Lexi S.

Photography by Rhianna Womack

If you’re reading this, it’s okay to ask for help.

Going into freshman year of college I didn’t really know anyone besides my roommate, and we had only met once in person. I knew of people from my town, social media, or camp, but no one I truly felt comfortable with. After multiple failed attempts at making friends and branching out, I was mentally left in a bad place. This overwhelming state of anxiety made me wonder if I had chosen the right school for me or if I would ever be able to find my people here.

I felt lost in a sea of very similar people to me. I was comparing myself to others to see why they were so special and I wasn’t. Why did certain people not want to be friends with me or even try to make an effort? How come other people were so good at making conversations and being outgoing during this new adventure in life?

This transition to college hit me pretty hard. My whole life I have had a good support system in my family and friends and didn’t struggle that much socially. My school had over 500 kids just in my grade, so there were always new people to meet and connect with. It is so easy to get lost and feel like you don’t belong at such a large school like Michigan. I often deal with my problems myself out of fear that people just won’t care or be willing to help.

I’ve convinced myself over the years that I am a very independent person who doesn’t need to rely on anyone. I can do things on my own and don’t need to show my emotions at all. Out of fear of people seeing my vulnerability or weaknesses, it’s easier to isolate myself and not have to deal with the rejection of people letting me down. This type of thinking often leaves people never feeling fulfilled in life. If you never take chances or risks, you will be stuck in a constant cycle of averageness. Nothing will change unless you take a leap of faith and learn from your mistakes and failures. 

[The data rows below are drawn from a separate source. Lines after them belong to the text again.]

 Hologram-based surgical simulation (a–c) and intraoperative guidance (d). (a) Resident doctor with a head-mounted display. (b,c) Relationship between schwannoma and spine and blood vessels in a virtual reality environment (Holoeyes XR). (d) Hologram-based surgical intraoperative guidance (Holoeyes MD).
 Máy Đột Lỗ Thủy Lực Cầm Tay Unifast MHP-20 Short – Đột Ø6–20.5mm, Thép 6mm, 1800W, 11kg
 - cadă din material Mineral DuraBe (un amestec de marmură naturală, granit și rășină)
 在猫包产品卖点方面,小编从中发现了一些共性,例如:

The idea of being average scared me into realizing that I needed to change. My freshman year definitely was different from most, but I didn’t want that to define me. It was difficult to make friends because people congregated with who they were comfortable with. I knew I had to reach out for help because I had lost all hope that I was ever going to be happy at school.

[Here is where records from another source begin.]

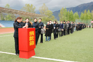 地震无情,人间有爱,青海省玉树地震灾区的情况时刻牵动着西藏农牧学院全体师生员工的心。为了帮助灾区人民早日战胜灾害,表达全校师生员工的爱心,4月21日下午,学校在体育场隆重举行了情系玉树地震灾区献爱心捐款仪式,学校领导以及全校师生员工4200余人参加了捐款活动。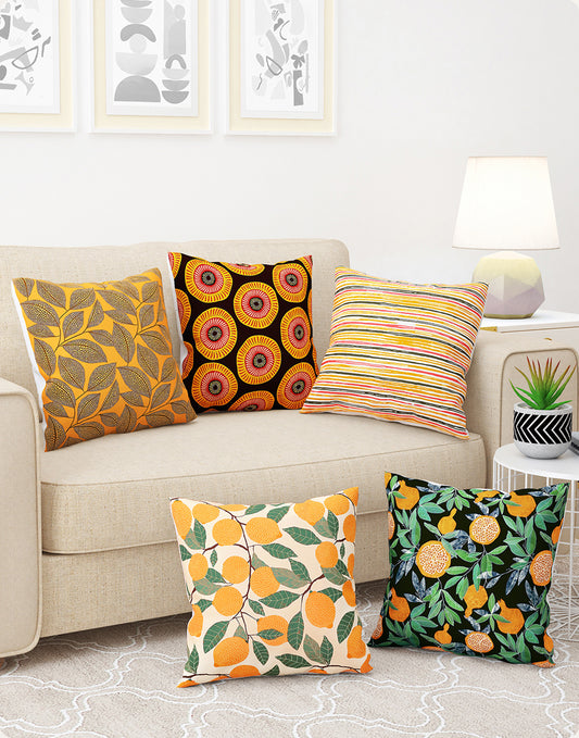 Story@Home Yellow Abstract Polyester 5 Units of Helio Cushion Covers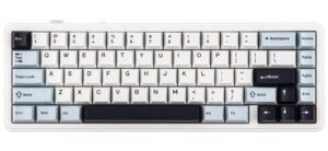 The EPOMAKER x Aula F65 65% wireless mechanical keyboard is a compact and stylish keyboard that works well for gaming and everyday use. Its smaller size means it takes up less space on your desk, but it still has all the important keys you need, including arrow keys and a simple layout that many people find easy to use. The light blue design gives it a fun look, and the RGB backlighting adds a nice touch that you can change to match your setup or mood.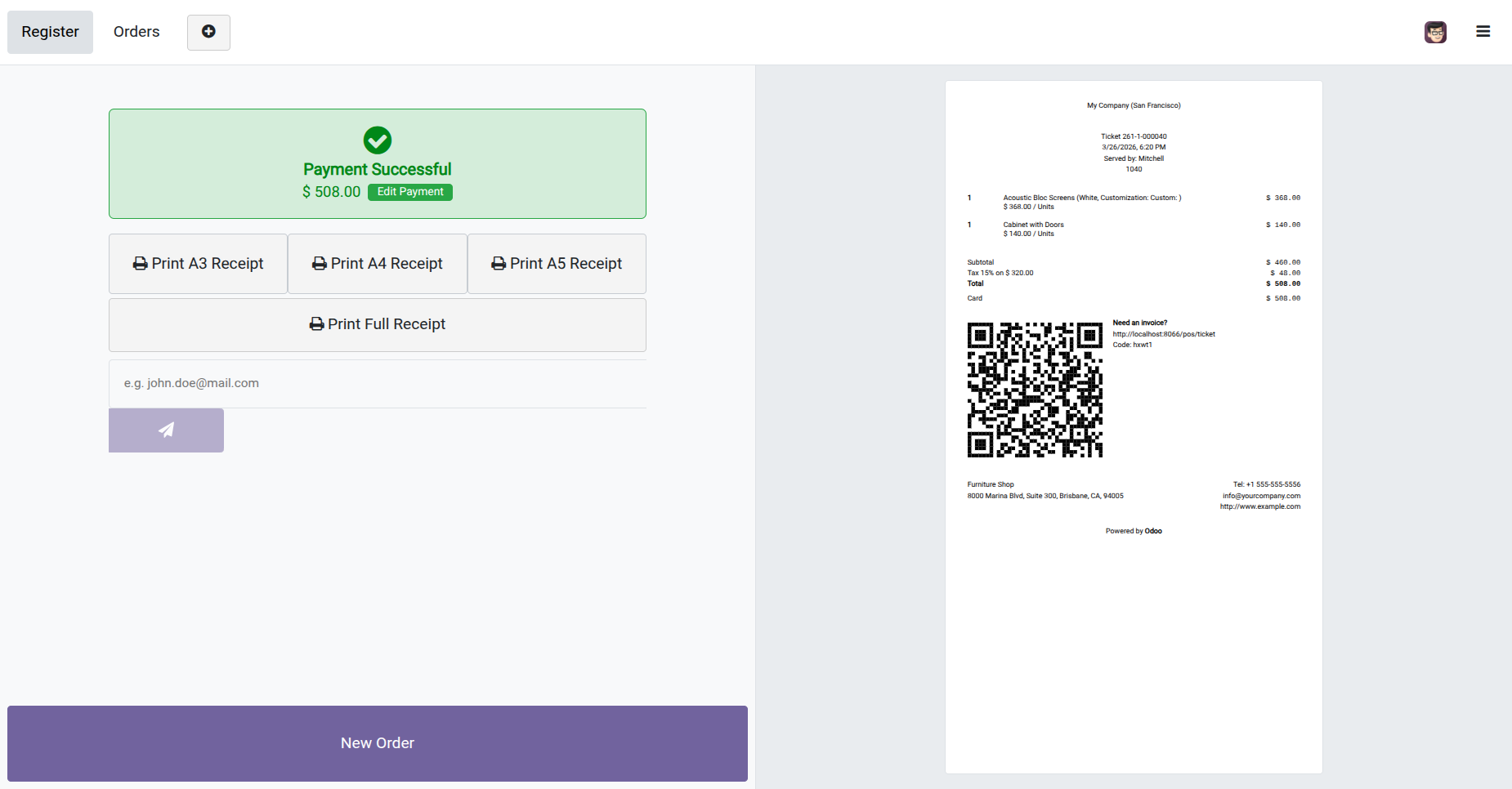 If this option is unticked then it does not display any customer details in the POS order receipt. - Print your receipts in various sizes, like A3, A4, and A5 options.

I began by letting my family and friends know how I was feeling, and I even went to see a therapist. I was a little nervous about doing this because of the stigma around mental health. However, once I started sessions, I saw a complete difference in my feelings and how I was approaching the transition to college. I was putting too much pressure on myself to find my lifelong friends and have straight A’s all in the first few weeks of college. No one transitions this easily, and it’s not expected that you should be able to.

Knowing when to ask for help has become a huge part of my life. Instead of dealing with my problems alone, I have people to turn to who are willing to help. Once I started being more open with myself and others, I realized that many people shared similar anxieties and struggles as me. I tried not to get too overwhelmed with making friends and see who I could connect with and where it went. I’ve learned that everyone has something going on in their life that you don’t know about. You may think you are the only one struggling, but I promise that you are not. It is important to lean on the people who do care about you focus on the good things in life.

If you’re reading this, you are not alone.